When I was a kid, my best friend Paul, in his animated way, told me
(more than once) the story of a Japanese man who supposedly arrived in
Nagasaki one day and while walking along a road told a friend about the
unearthly bright flash he had seen in the sky over Hiroshima just three
days before. Then it appeared again and the man said, "Just like...
that!"
Of course, I knew that Paul was making this up. It certainly never appeared in any of my school books. Imagine my surprise, many years later,
when I learned, while visiting Japan, that the tale was basically true.
A dozen or more Japanese men and women (the number is contested,
because some were pretty distant from the blasts) are indeed considered
"double hibakusha" -- survivors of both bombs.
I even got to interview one of them in Nagasaki.
Two atomic weapons have been used in wartime, and Kenshi Hirata, a diminutive, sad-faced accountant, experienced both of them.
When the bomb hit Hiroshima on August 6, 1945, Hirata was at work at
the Mitsubishi shipyards two miles from ground zero. He escaped serious
injury, but after wandering around the center of Hiroshima for two days,
searching for his wife, he'd seen and smelled quite enough death.
Somehow some trains were still running and he caught the first one
leaving for his home town: Nagasaki. He carried with him the bones of
his wife.
When it reached Nagasaki at 10:30 the following morning, he headed
for home, a half-hour walk. His mother was relieved to see him, for she
had heard that a new type of bomb had been used in Hiroshima. Hirata
excitedly started describing the frightening white flash he had
observed in the sky three days earlier -- when he saw it again through
the front window about two miles away (so my friend's story was not so
far off).
As one of the world's leading authorities on the effects of the
atomic bomb, Hirata was a good man to have around the house. Grabbing
his mother, he dove under a table as their windows blew in.
"The bomb that makes this white flash must be following my every
step," Hirata thought afterward, as they cleaned up the broken glass.
This time he did not go out and wander around the epicenter, his
curiosity about new weapons that flash in the sky and blow out windows
two miles away pretty much satisfied. He did not leave the house for
weeks. "I did not want to see such sad, miserable sights again," he told
me.
One had to appreciate the absurdity. Twice cursed or twice blessed?

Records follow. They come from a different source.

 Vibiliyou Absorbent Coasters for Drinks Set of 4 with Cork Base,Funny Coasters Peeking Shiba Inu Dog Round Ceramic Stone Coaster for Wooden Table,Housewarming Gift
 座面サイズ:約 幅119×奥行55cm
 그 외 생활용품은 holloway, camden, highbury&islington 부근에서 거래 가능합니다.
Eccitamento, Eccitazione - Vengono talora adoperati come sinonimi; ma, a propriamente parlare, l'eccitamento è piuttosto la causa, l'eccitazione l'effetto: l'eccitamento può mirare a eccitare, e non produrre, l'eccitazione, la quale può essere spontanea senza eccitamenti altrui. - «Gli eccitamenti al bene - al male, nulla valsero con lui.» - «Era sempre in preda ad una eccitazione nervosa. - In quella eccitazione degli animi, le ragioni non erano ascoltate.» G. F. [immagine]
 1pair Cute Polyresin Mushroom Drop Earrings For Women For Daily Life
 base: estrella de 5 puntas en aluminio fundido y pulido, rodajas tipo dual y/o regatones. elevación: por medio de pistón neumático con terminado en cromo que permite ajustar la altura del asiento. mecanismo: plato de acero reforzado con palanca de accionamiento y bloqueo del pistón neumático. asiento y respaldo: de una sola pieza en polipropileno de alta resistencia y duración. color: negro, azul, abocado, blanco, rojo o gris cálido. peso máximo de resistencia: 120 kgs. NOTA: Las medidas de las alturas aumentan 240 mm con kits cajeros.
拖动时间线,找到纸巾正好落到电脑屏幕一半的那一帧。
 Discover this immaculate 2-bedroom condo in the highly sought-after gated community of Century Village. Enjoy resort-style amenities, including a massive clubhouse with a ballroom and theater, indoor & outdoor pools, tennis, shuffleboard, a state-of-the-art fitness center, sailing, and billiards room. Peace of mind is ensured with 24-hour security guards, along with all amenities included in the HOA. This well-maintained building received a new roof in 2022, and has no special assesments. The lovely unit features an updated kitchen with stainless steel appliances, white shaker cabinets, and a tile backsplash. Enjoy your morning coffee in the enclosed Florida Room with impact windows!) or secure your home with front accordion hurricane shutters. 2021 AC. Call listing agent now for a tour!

If you were A-bombed twice within three days, and survived, and went on
to live a full, healthy life, would you consider yourself doubly
unlucky or doubly lucky? "I felt so dishonored that I had to experience
the atomic bomb twice," Hirata said, explaining why he had not talked
about this until recently. "It's nothing to be boastful about. I could
not talk to anyone about it because almost no one else met the bomb
twice. So there was no one who could sympathize with me."